All comments received will be posted without change to http://www.regulations.gov and will include any personal information you have provided. Anyone is able to search the electronic form for all comments received into any of our dockets by the name of the individual submitting the comment (or signing the comment, if submitted on behalf of an association, business, labor union, etc.). You may review DOT's complete Privacy Act Statement in the Federal Register published on January 17, 2008 (73 FR 3316), or you may visit http://edocket.access.gpo.gov/​2008/​pdf/​E8-785.pdf.

II. Abbreviations

III. Background

A. History

The Omnibus Transportation Employee Testing Act of 1991 (OTETA), 49 U.S.C. 31306, mandated that DOT establish a controlled substances (drug) and alcohol testing program applicable to regulated entities and individuals performing safety sensitive functions. Entitled “Procedures for Transportation Workplace Drug and Alcohol Testing Programs,” 49 CFR part 40 contains the DOT regulations that detail how testing must be administered and prescribes procedures to protect the integrity of the process. The FMCSA's related drug and alcohol testing regulations are in 49 CFR part 382, “Controlled Substances and Alcohol Use and Testing.”

DEA implemented the Comprehensive Drug Abuse Prevention and Control Act of 1970, often referred to as the Controlled Substances Act and the Controlled Substances Import and Export Act (21 U.S.C. 801-971), as amended. DEA published regulations implementing these statutes in 21 CFR Parts 1300 to 1399. These regulations are designed to ensure an adequate supply of controlled substances for legitimate medical, scientific, research, and industrial purposes, and to deter the diversion of controlled substances to illegal purposes. Controlled substances are drugs and other substances that have a potential for abuse and psychological and physical dependence. DEA lists controlled substances in 21 CFR part 1308. The substances are divided into five schedules. The substances listed in the schedule that are relevant to this rulemaking, Schedule I, have a high potential for abuse and have no currently accepted medical use in the United States (DEA Interim Final Rule on Electronic Prescriptions for Controlled Substances, 75 FR 16237, March 31, 2010). These substances may only be used for research, chemical analysis, or manufacture of other drugs.

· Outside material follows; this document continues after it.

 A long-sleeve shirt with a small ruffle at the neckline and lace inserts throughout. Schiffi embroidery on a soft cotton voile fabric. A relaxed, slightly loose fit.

Section 382.213 prohibits commercial motor vehicle (CMV) drivers from using any controlled substances when on duty or reporting for duty except when prescribed by a licensed medical practitioner who has advised the driver that the prescribed substance will not adversely affect the driver's ability to operate a CMV. Section 382.213 has remained largely unchanged since its adoption in 1994, outside of a technical amendment changing the term “physician” to “licensed medical practitioner” for the purpose of the prescription exception (61 FR 9556, March 8, 1996).

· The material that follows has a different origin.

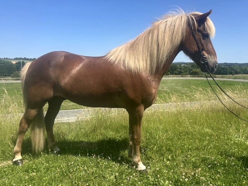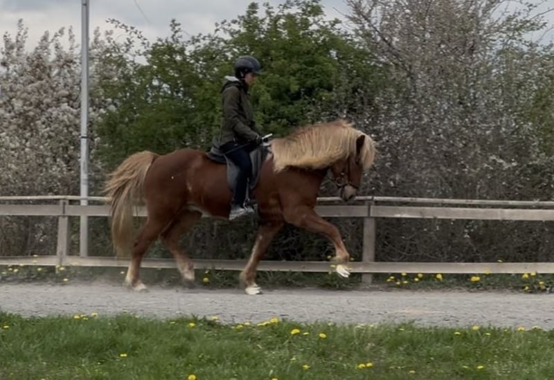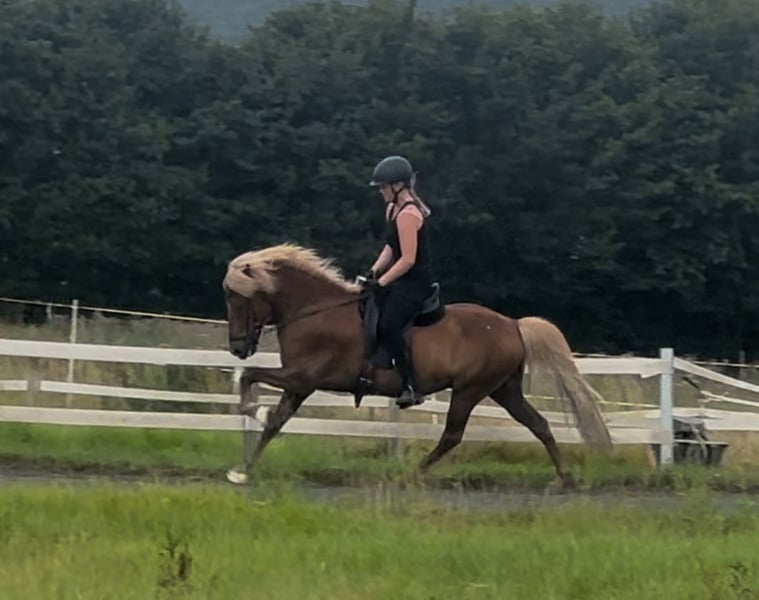 Hyllir frá Dverghamri ist ein 2013 geborener großer Fuchswallach. Er verfügt über einen sehr schönen Tölt in allen Tempi, mit dem er sofort in T3/T4 einsetzbar wäre. Sein Galopp ist gut gesprungen, sein Trab ist sicher mit weiten Bewegungen und er steht immer fein an den Hilfen. Er hat viel Lauffreude, ist aber bei routinierten Reitern immer problemlos zu regulieren und bringt immer einen tollen Arbeitswillen mit. Im Gelände ist er sowohl alleine als auch in der Gruppe zuverlässig. Charakterlich ist er einfach unkompliziert, sehr höflich im Umgang und auch in der Herde sehr leicht zu integrieren. Hyllir ist für alle Reitabzeichen sehr gut einsetzbar und auch für Trainerlehrgänge gut geeignet. Auch kann ich mir ihn gut als Jugendsportpferd vorstellen. Da ich ihn leider aus persönlichen Gründen abgeben muss, suche ich ein bestmögliches zuhause für ihn. Er ist gesund, ekzemfrei und absolut schmiede- und verladefromm. Weitere Infos und Videos auf Anfrage.

In addition to those in part 382, FMCSA has several other regulations governing drivers' use of drugs. Section 391.41(b)(12) was first promulgated in 1970, and stated that persons who “use an amphetamine, narcotic, or any habit-forming drug, are not medically qualified to operate a commercial motor vehicle” (35 FR 6463, April 22, 1970). Section 391.43(f) incorporates the substance of § 391.41(b)(12) in the instructions to the medical examiner. Section 391.41(b)(12) was revised several times, most notably in 1984, when the DEA's Schedule I drugs were added to the list of drugs prohibited by Start Printed Page 40308§ 391.41(b)(12) (49 FR 44215, November 5, 1984). Sections 382.213 and 391.41(b)(12) were designed to complement § 392.4, which prohibits the use of drugs by CMV drivers. Section 392.4 contains an exception for use of non-Schedule I drugs “administered to a driver by or under the instructions of a licensed medical practitioner, as defined in § 382.107 of this subchapter, who has advised the driver that the substance will not affect the driver's ability to safely operate a motor vehicle” (49 CFR 392.4).

B. Legal Authority

FMCSA has general authority to promulgate safety standards, including those governing drivers' use of drugs while operating a CMV. The Motor Carrier Safety Act of 1984 (Pub. L. 98-554, Title II, 98 Stat. 2832, October 30, 1984) (the 1984 Act) provides authority to regulate drivers, motor carriers, and vehicle equipment. It requires the Secretary to ensure that—(1) CMVs are maintained, equipped, loaded, and operated safely; (2) the responsibilities imposed on operators of CMVs do not impair their ability to operate the vehicles safely; (3) the physical condition of CMV operators is adequate to enable them to operate the vehicles safely; and (4) the operation of CMVs does not have a deleterious effect on the physical condition of the operators (49 U.S.C. 31136(a)). Section 211 of the 1984 Act also grants the Secretary broad power in carrying out motor carrier safety statutes and regulations to “prescribe recordkeeping and reporting requirements” and to “perform other acts the Secretary considers appropriate” (49 U.S.C. 31133(a)(8) and (10)).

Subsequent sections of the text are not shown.